The other photos here are from a drive I did from Akuryeri, in the northern and eastern side of the country back to Reykavik.
More stunning fields, mountains, ocean and glaciers. thank you iceland.
I am grateful for the beauty here, the same way I am grateful for beauty everywhere. Here there is just so much of it. I am grateful for the friends I made here, Glen, Harry, Erla, Lynn, Erik and Gustav, I hope to see you as we trudge the road to happy destiny.
Wednesday, May 23, 2007
oh yeah...i'm a swinger
it's amazing what you can do when you have a few minutes free time in iceland between business meetings
the blue lagoon and a year in a day
I got to go to some geothermal hot springs called the Blue lagoon. It is a HOT slufur pool that shines blue and white in the middle of a lava rock valley. when i arrived it was a sunny spring day and within minutes the weather changed dramatically. it started raining, then hailing, then snowing and then REALLY snowing. I sat in the hot waters while getting snowed on. I felt like one of those magestic monkeys you see on the nature channel covered in snow with icicles on his fur and eyebrows. They call iceland the land of fire and ice because of all the geothermal and volcanic activity. I really felt it at that moment. The experienceIt was like being on the moon because you'd look out over this surface that was sharp, jagged volcanic black rocks while you were floating in a hot milky pool. The weather is crazy here, one moment nice (15 degrees) the next it can be 2 degrees and snowing. If it weren't so beautiful, I'd be really upset. everyone here tells me i'm lucky that I get to experience all of icelandic weather in one day.
now i know iceland
What the hell? I'm in iceland. I'm in one of those places I pretty much assumed i'd never go, like mauritius. its not that I have anything against iceland or icelandic folks, and i guess i always assumed there are probably nice things there, but really! who actually goes to iceland?

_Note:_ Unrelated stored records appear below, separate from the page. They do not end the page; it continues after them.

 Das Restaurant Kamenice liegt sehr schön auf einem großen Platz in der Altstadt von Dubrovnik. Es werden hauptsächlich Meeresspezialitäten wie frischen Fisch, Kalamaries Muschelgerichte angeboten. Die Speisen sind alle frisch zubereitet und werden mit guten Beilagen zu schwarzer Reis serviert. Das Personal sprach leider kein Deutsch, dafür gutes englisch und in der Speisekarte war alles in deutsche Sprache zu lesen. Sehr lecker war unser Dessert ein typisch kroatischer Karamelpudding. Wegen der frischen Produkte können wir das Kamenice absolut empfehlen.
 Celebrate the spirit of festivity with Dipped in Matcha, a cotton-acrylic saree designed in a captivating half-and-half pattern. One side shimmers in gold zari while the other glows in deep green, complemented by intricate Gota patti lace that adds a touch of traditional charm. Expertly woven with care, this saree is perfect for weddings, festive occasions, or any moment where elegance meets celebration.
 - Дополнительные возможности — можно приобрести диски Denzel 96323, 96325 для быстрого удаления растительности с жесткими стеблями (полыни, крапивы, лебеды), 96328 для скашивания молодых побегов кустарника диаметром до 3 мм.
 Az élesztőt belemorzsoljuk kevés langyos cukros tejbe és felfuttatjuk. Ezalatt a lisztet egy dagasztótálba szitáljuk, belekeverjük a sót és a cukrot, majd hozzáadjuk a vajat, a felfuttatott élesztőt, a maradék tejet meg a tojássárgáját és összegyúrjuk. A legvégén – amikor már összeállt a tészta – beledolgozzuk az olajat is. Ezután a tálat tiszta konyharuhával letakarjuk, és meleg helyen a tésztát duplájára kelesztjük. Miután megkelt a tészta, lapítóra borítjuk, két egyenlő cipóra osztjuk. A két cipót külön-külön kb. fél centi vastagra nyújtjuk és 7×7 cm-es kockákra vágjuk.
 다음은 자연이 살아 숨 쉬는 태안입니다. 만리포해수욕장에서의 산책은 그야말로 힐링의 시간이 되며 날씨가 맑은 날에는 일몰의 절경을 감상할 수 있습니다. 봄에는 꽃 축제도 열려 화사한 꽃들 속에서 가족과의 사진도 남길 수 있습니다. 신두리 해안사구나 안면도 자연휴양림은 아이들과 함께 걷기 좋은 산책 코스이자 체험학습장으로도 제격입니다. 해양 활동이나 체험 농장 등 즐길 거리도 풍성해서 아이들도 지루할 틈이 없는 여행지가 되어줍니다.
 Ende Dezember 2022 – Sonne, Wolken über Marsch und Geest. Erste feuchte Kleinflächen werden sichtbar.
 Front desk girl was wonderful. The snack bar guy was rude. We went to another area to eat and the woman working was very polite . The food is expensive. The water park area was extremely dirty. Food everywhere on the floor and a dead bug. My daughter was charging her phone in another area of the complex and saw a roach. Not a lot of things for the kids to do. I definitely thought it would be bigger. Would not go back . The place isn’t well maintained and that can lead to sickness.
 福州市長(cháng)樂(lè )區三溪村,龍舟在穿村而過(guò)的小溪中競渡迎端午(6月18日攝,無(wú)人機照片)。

apparently I do. as an ice salesmen from israel. guy from the desert selling ice-machines in iceland. it sounds like a bad script, the kind of thing you wouldn't believe unless it were true.
so, i'm staying in iceland touring the country's fishing towns. going on board fishing vessels, holding my breath thru stinky fish processing plants and sitting in lots of meetings with people that have names i can't pronounce like harladur, and thordvalsson. at least i got to meet a guy named thor.
I also have time for touristy stuff and iceland abounds with physical beauty. they call iceland a land of fire and ice. the ice part is obvious, and the fire part comes from the fact that iceland is basically an island of volcanos. the entire island is covered with volcanos, some recently active, and lots of lava flow. that means that some places are virtually un crossable mile after square mile of really jagged rock that no tank or 4wd could come close to traversing.